Rock formations are something up Ross’s alley and I think Rachel would agree that’s not very sexy. However, some of these naturally formed geographical wonders can be both breathtaking and mind boggling. Here are 10 such incredible natural rock formations, the result of millions of years of nature’s talent and patience.
10. Tsingy de Bemaraha | Natural Rock Formations
Located close to the western coast of Madagascar, the Tsingy de Bemaraha reserve is a karstic landscape. Sharp limestone pinnacles called tsingy form this spectacular canyon of the Manambolo river; rolling hills cut through the tsingy creating a diverse landscape. Undisturbed forests, lakes and mangrove swamps of the national park are incredibly beautiful, as well as representing the habitat for rare and endangered lemurs and birds.
9. Shilin Stone Forest
Shilin, which means “Stone Forest” in Chinese, is a set of karst formations in Southwest China. The stones have risen from the earth similar to the way a stalagmite does in a cave. These stones are thought to be 270 million years old, part of an ancient ocean floor where the water flow created the majestic pinnacles. The stone forest receives over 2 million visitors a year, and it’s easy to see why.
8. White Desert
About 45 km north of the Farafra oasis in the vast Western Desert of Egypt sits the White Desert. It’s made of oddly shaped chalk formation, in clear contrast with the yellowish brown of the surrounding desert. The White Desert reminds us all of an Arctic landscape due to its soft chalk material, contoured by the elements into amazing shapes. A few of the shapes resemble marshmallows, camels, and mushrooms.
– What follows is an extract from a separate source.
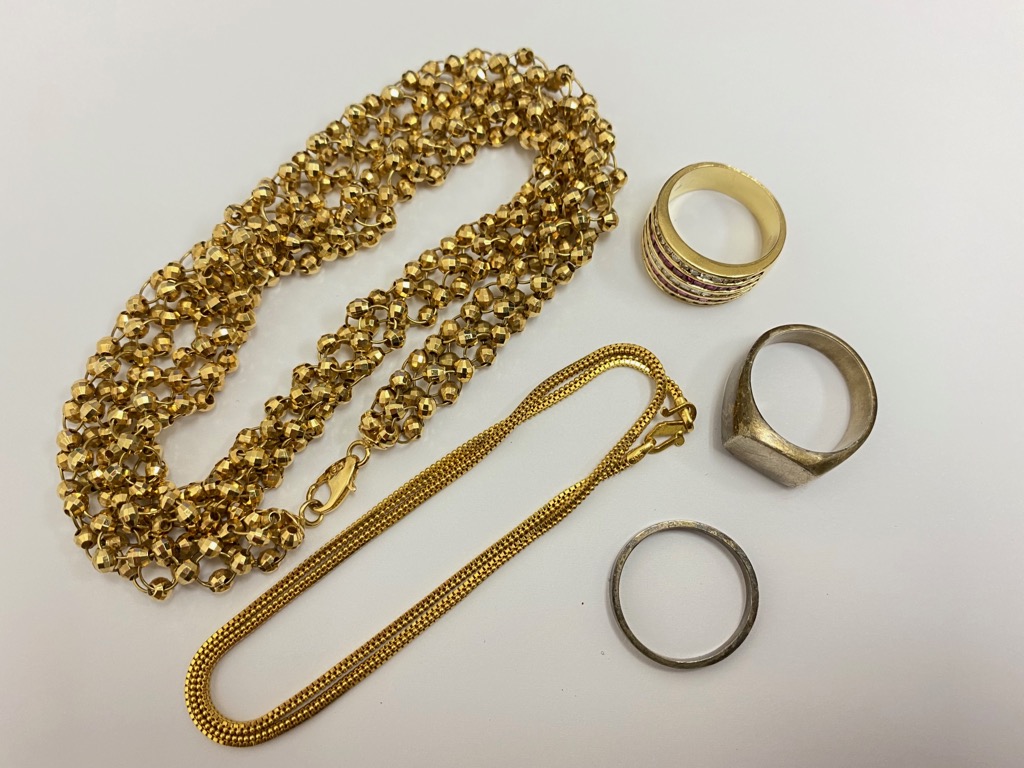 写真の様に金のブレスをはじめ金のネックレス、金のリング等、金ならどんな状態、

Feel free to use your imagination.
7. Bryce Canyon National Park
Despite the name, Bryce Canyon National Park is actually not a canyon; this is a series of giant amphitheaters filled with colorful pinnacles. The natural rock formations were caused by wind and water erosion on limestone, while the colors of red, orange, and white offer a wonderful visual show to be enjoyed. The pinnacles are also known as hoodoos and reach up to 61 meters (200 feet) high.
6. Bungle Bungle Range
The Bungle Bungle Range is located in Purnululu National Park, Western Australia. The range rises up to 578 meters (1896 feet) above sea level and is comprised of distinctive sandstone domes striped with alternating orange and grey bands. This is possible due to differences in clay content and porosity of the sandstone layers. The orange bands are a thin layer of iron oxide while the grey banding is cyanobacteria which grows on the layers where moisture accumulates.
5. The Giant’s Causeway
Located on the Northeast coast of Ireland, The Giant’s Causeway is a spectacular rock formation consisting of basalt columns formed 50 to 60 million years ago. Looking like God had dropped His marsh-mellows into the ocean, this superb sight is the result of volcanic activity, which pushed the basalt through chalk as the columns shot in vertical direction. They cooled, they cracked and formed a hexagonal shape. Although the columns rise up to 12 meters (36 feet) high and are beautiful, there’s more than meets the eye; many of the columns have eroded until only the tops are visible.
4. Arches National Park
Another incredible places to visit is found in Utah. The Arches National Park is known for its inspiring natural arches. It seems salt beds deposited 300 million years ago from the receding ocean helped form the more than 2000 arches in the park. As the salt shifted, the rock layered on top began to move creating domes and fins. Rain and ice found their way into crevices, eroding the top Entrada and Navajo sandstone.
3. Chocolate Hills
The Chocolate Hills are unusual geological formations that consists of at least 1,268 individual mounds scattered throughout the interior of the island of Bohol in the Philippines. No, taking a crack at them will not affect your diet, but the almost symmetrical and same-sized formations ranging from 30 to 50 meters (98 to 164 feet) high are quite beautiful; covered in green grass – which during the dry season the grass turns brow – no one knows how these giant mole hills were formed. One theory holds that the Chocolate Hills are the weathered rock formations of a kind of marine limestone on top of a impermeable layer of clay. Any ideas?
2. Monument Valley
A symbol of American West and cowboy movies, these up to 300 meter (1000 foot) sandstone buttes and mesas make up the Monument Valley. Located on the border of Utah and Arizona, the area has been the backdrop for numerous western movies, ranging from Stagecoach starring John Wayne to Back to the Future II. Technically it is not a valley, as you can see, but a wide flat landscape interrupted by the crumbling rock formations. The buttes are all that is left from the sandstone layers that once covered the entire region and have vivid red tones from the iron oxide.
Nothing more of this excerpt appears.